Kitchen Sink Artists

 Although I have explored the meaning of the kitchen sink dramas within my essay it is key to acknowledge where the term was coined with the painters of the 1950's. 

The Tate describes the movement as; 

John Bratby 
The term was originally used as the title of an article by the critic David Sylvester in the December 1954 issue of the journal Encounter.

 The article discussed the work of the realist artists known as the Beaux Arts Quartet, John Bratby, Derrick Greaves, Edward Middleditch and Jack Smith. Sylvester wrote that their work ‘takes us back from the studio to the kitchen’ and described their subjects as: ‘An inventory which includes every kind of food and drink, every utensil and implement, the usual plain furniture and even the babies’ nappies on the line. Everything but the kitchen sink – the kitchen sink too.’ Sylvester also emphasised that these kitchens were ones ‘in which ordinary people cooked ordinary food and doubtless lived their ordinary lives’.

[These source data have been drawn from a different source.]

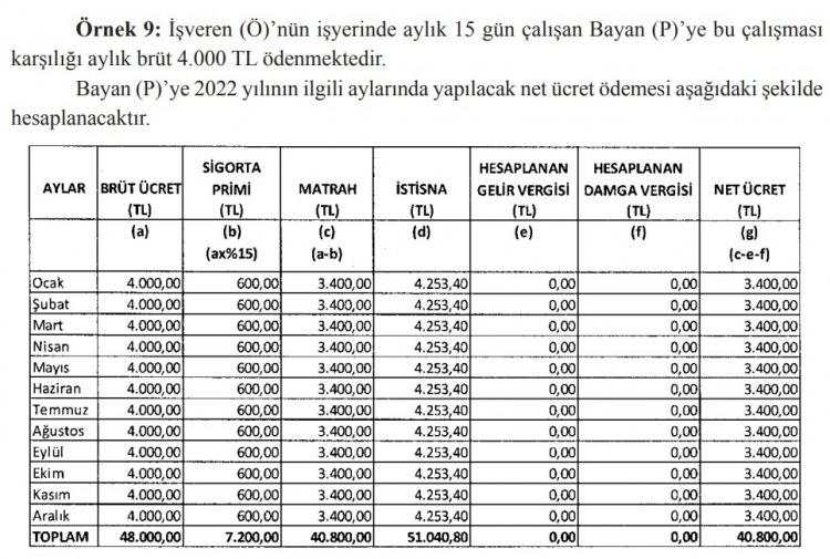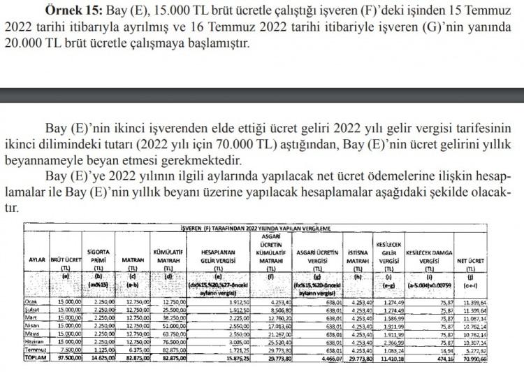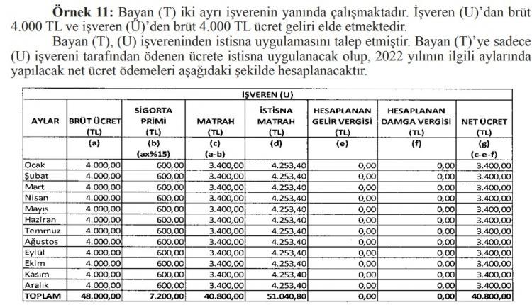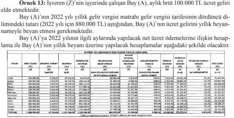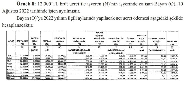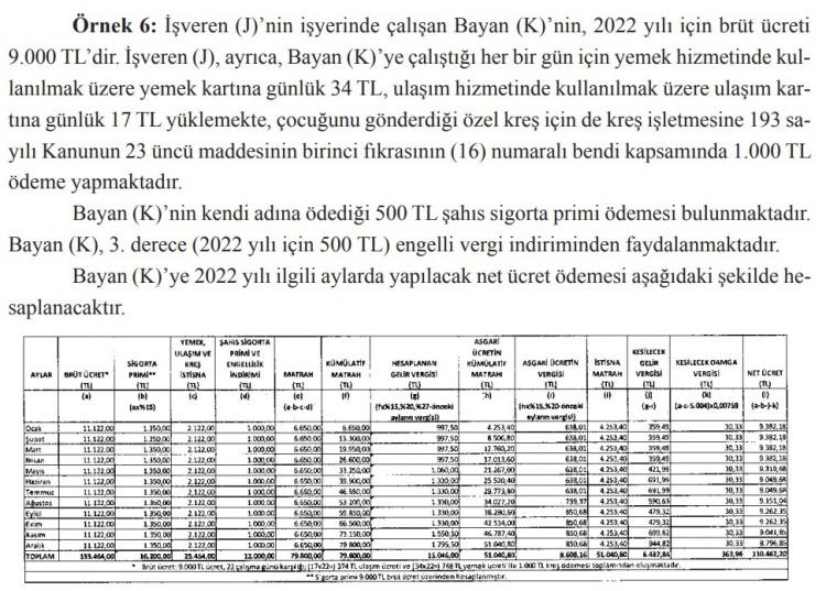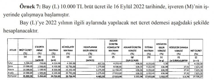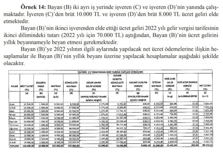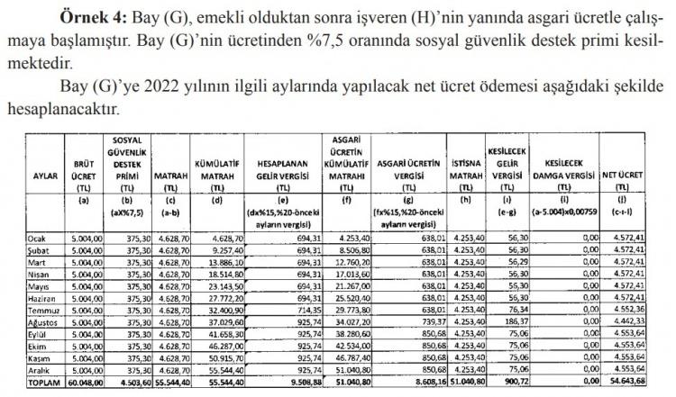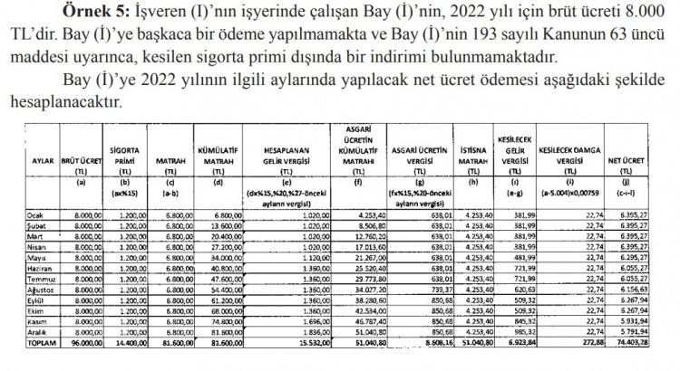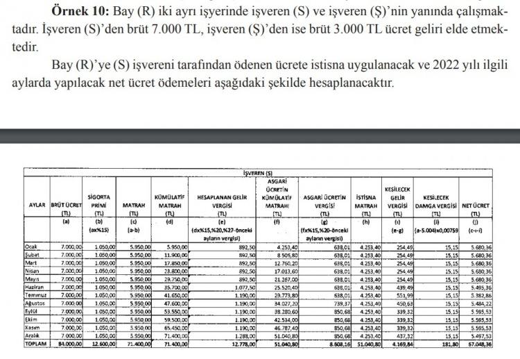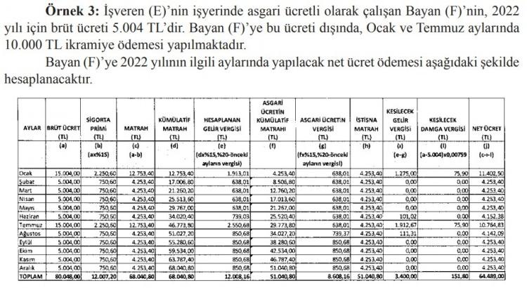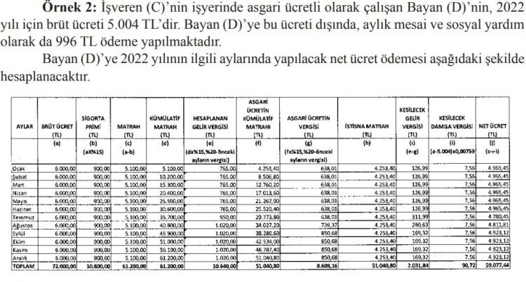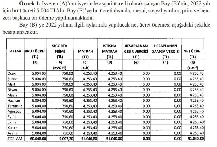 İşveren (A)'nın işyerinde asgari ücretli olarak çalışan Bay (B)'nin, 2022 yılı için brüt ücreti 5.004 TL'dir. Bay (B)'ye bu ücreti dışında, mesai, sosyal yardım, prim ve benzeri başkaca bir ödeme yapılmamaktadır. Bay (B)'ye 2022 yılının ilgili aylarında yapılacak net ücret ödemesi yukarıdaki şekilde hesaplanacaktır. Hizmet erbabının asgari ücretiyle birlikte mesai ücreti, sosyal yardım, ikramiye gibi ücret sayılan gelirler elde etmesi durumunda ise toplam ücret gelirinin; ilgili ayda geçerli olan asgari ücretin aylık brüt tutarından işçi sosyal güvenlik kurumu primi ve işsizlik sigorta primi düşüldükten sonra kalan kısmı gelir vergisinden istisna olacak, bu tutarı aşan kısım vergilendirilecektir. İstisna tutarını aşan kısmın vergilendirilmesinde, istisna kapsamında olan matrah da dikkate alınarak vergi tarifesinin uygulanacak dilim ve vergi oranı belirlenecektir. İstisna suretiyle sağlanan menfaat asgari ücretin ilgili ayda hesaplanan vergisini geçemeyecektir
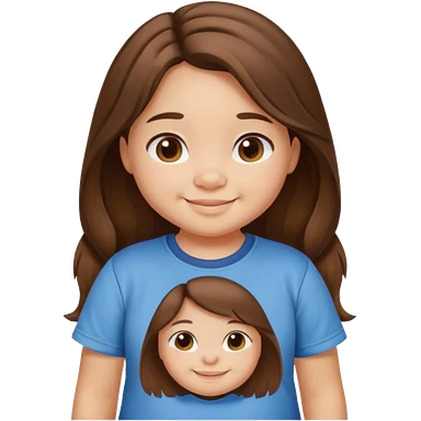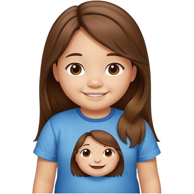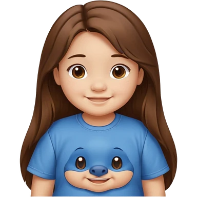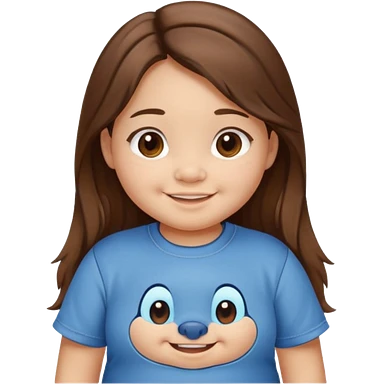 Une petite fille qui a des grosse joux qui est brune qui a les cheveux long et qui a un tee shirt stitch emoji
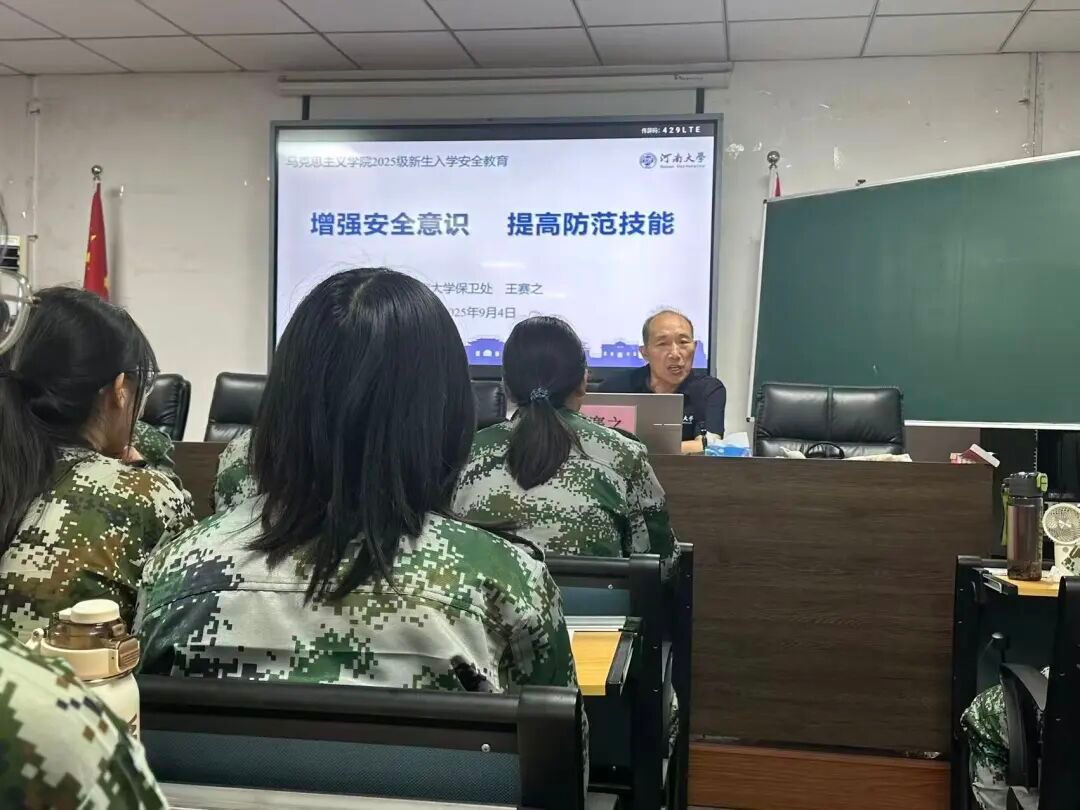 为全方位守护学生成长,马克思主义学院为新生开展安全教育和健康教育。9月4日,学院邀请校保卫处副处长、人民武装部副部长王赛之作安全教育,王老师以“增强安全意识,提高防范技能”为题,在案例与理论的结合中,强化了新生们对于校园高频风险问题的认识。
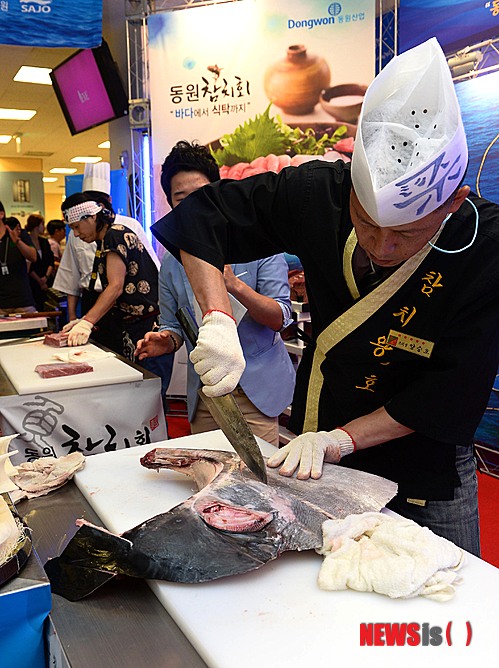 【서울=뉴시스】박주성 기자 = 25일 오전 서울 이마트 성수점에서 참치 대중화를 위해 대한민국 참치왕으로 불리는 양승호(앞쪽)씨와 일본 참치 해체 전문가인 나카가와씨, 두 한-일 참치 전문가를 초청해 고객들 앞에서 해체쇼를 하고 있다.
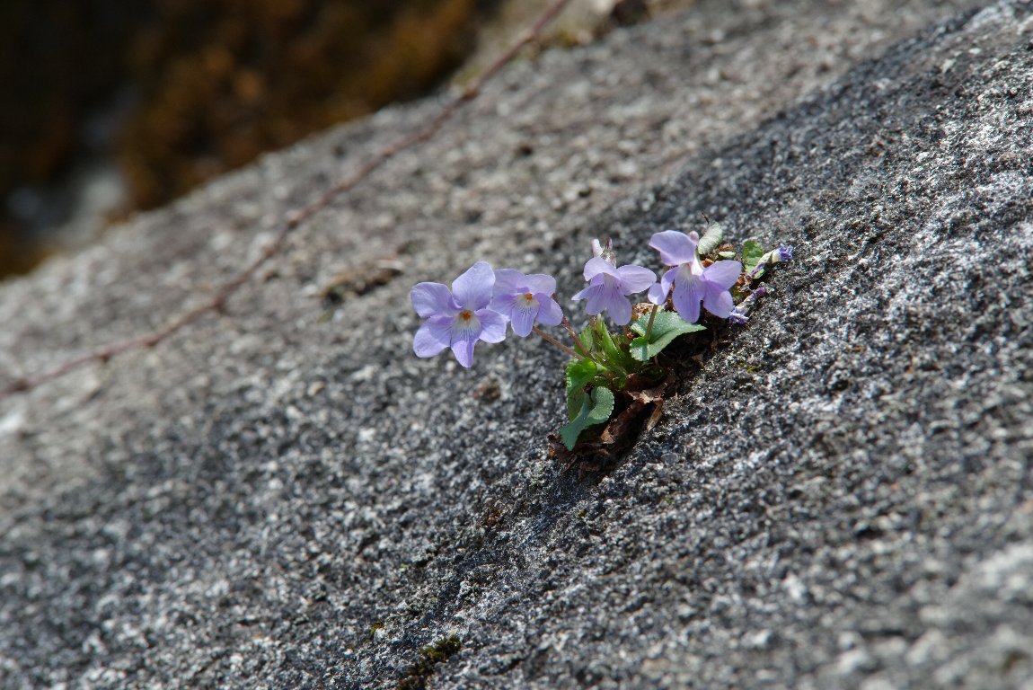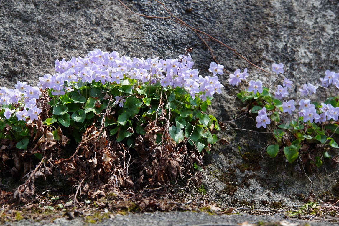 撮影雑記: 道路のコンクリートの吹き付け斜面に、ブーケのように咲いているタチツボスミレに出会いました。 少し高いところなので、ちょっと、近寄れません。 そのおかげで、毎年、のびのびと花を咲かせ続けて、こんなに、大きな株になったのでしょう。 下の方に枯れ残った前年の葉っぱが、それを、物語っています。 少し引いた写真です。 こんな感じで、コンクリートの隙間?から咲いています。 隣に、小さめの株もあります。 ![]() こんな、小さな株も咲いていました。 ![]() 最初は、こんな、小さな株だったのが、ちょっとずつ、ちょっとずつ成長して、トップの写真のような 大株に育ったんでしょうね。何年も、かけて。 コンクリートの隙間から根を伸ばしているのか、それとも、わずかなくぼみに根が張っているだけなのか、 それはわかりません。 自らの、枯れた葉っぱを養分にして、育っていったんでしょうね。 |
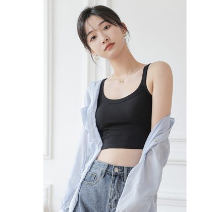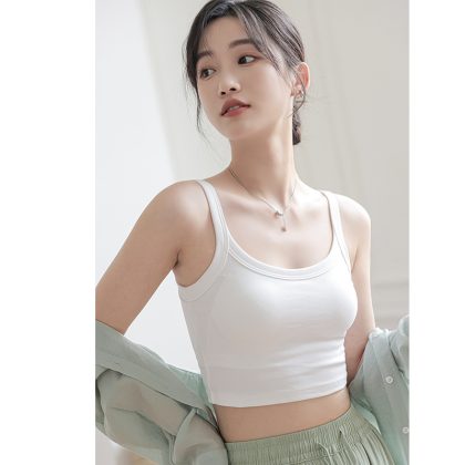| nameOriginal | Japanese Style Pure Cotton Beautiful Back Camisole Vest Women's Summer Outer Wear Thin Underwear with Chest Pad Base Inner Top Tube Top White |
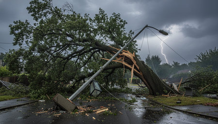 Damaged power lines after hurricane wind broke tree limbs in Florida suburban area. Electricity outage as consequences of natural disaster
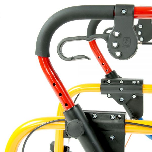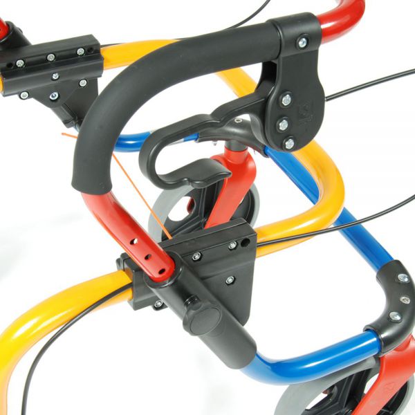 Каждая из опор оснащена колесами. Два передних — самоориентирующиеся. Ходунки имеют ручной тормоз с фиксацией, что позволяет остановить устройство и закрепить его в нужном положении.
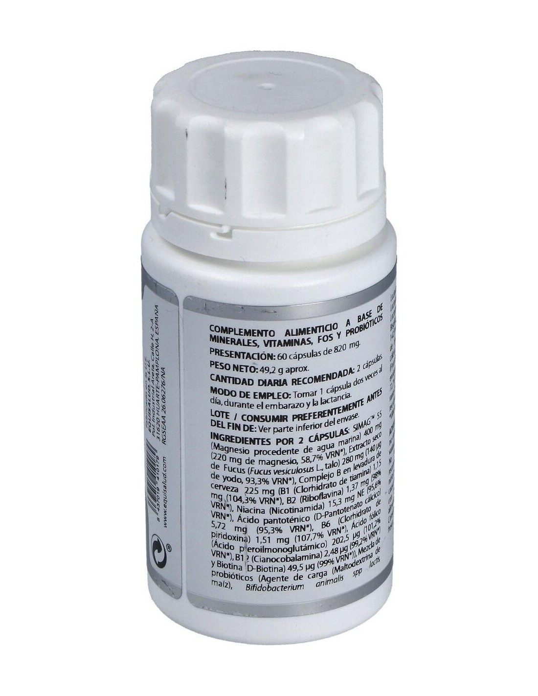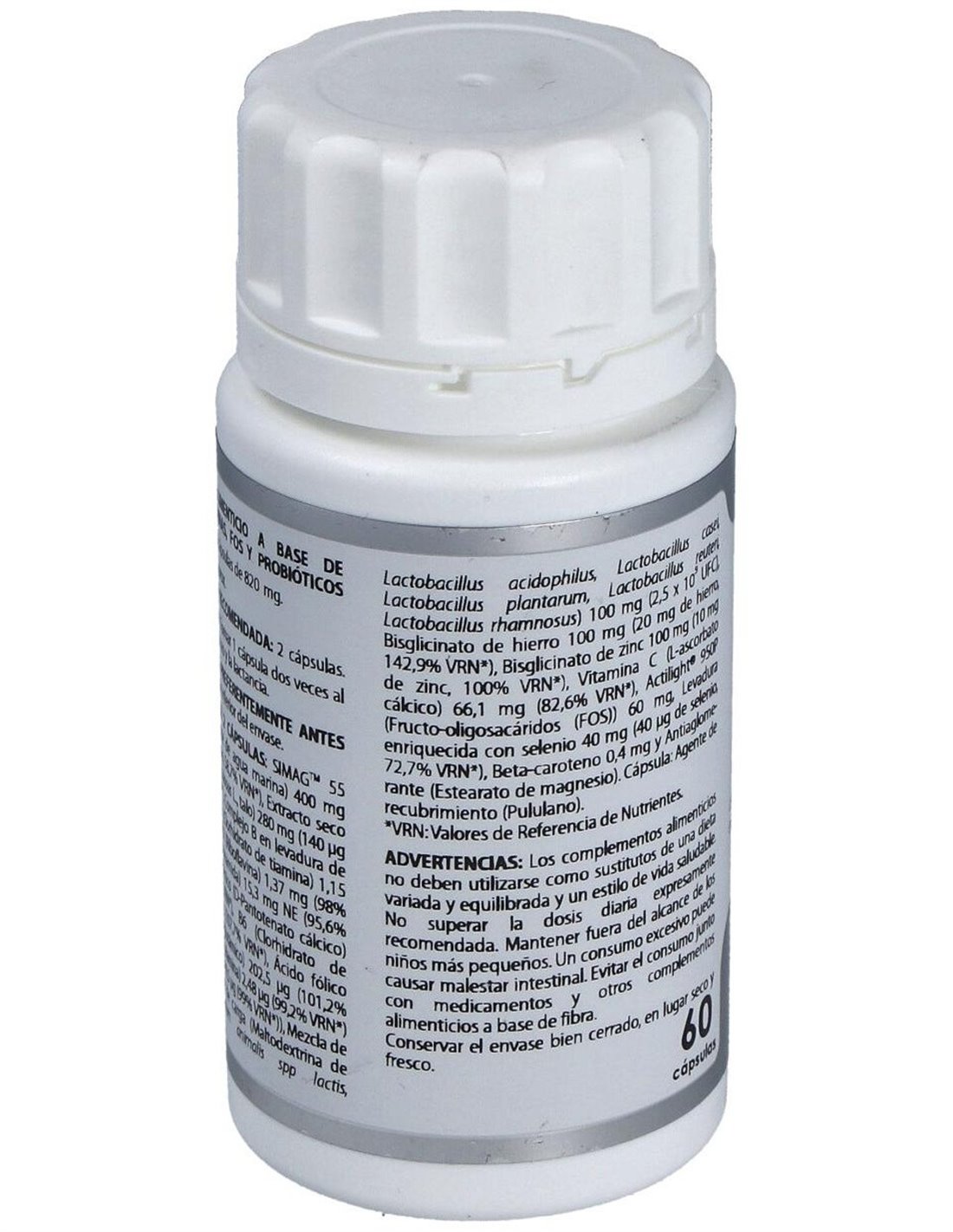 SIMAGTM 55 (magnesio procedente de agua marina, =55% magnesio), 200 mg; fucus extracto seco (Fucus vesiculosus L., talo, 0,05% yodo), 140 mg; complejo de vitaminas B (B1 (tiamina clorhidrato) 51.000 ppm, B2 (riboflavina) 6.100 ppm, niacina (nicotinamida) 68.000 ppm, B5 (D-pantotenato cálcico) 25.400 ppm, B6 (piridoxina clorhidrato) 6.700 ppm, D-biotina 220 ppm, ácido fólico 900 ppm, B12 (cianocobalamina) 11 ppm) en levadura de cerveza, 112,5 mg; mezcla de probióticos Lactagest* (2,5×1010 UFC/g), 50 mg; bisglicinato de hierro (20-23% hierro), 50 mg; bisglicinato de zinc (10% zinc), 50 mg; L-ascorbato cálcico (82,64% vitamina C), 40 mg; Actilight® 950P (Fructo-oligosacáridos (FOS)), 30 mg; levadura enriquecida con selenio (1.000 ppm selenio), 20 mg; beta-caroteno 10%, 2 mg.

From Sylvester's term it was then applied to artists of all genres, painters, writers and actors if they were concerned with the day-to-day and the mundane then they were part of the kitchen sink movement.

I feel although the works of these artists were generally quite political and sought to portray the conditions many of them had grown up in and couldn't escape as an aspect of being working-class the movement offers, for me especially, a comfort in something that is seen as valuable such as art and film but at the same time relatable. 

Within my work it is essential that it reaches a working-class audience where they can see themselves within one of the scenes, disregarding any political or educational views it should be accessible to everyone. I have found within most films, literature and art there seems to be a standard of education needed to understand and access the information, this is something I want to avoid completely within my work and why I am inspired by the kitchen sink movement because it is for the people and for the working-classes as well as being appreciated from a traditionally 'higher brow' culture.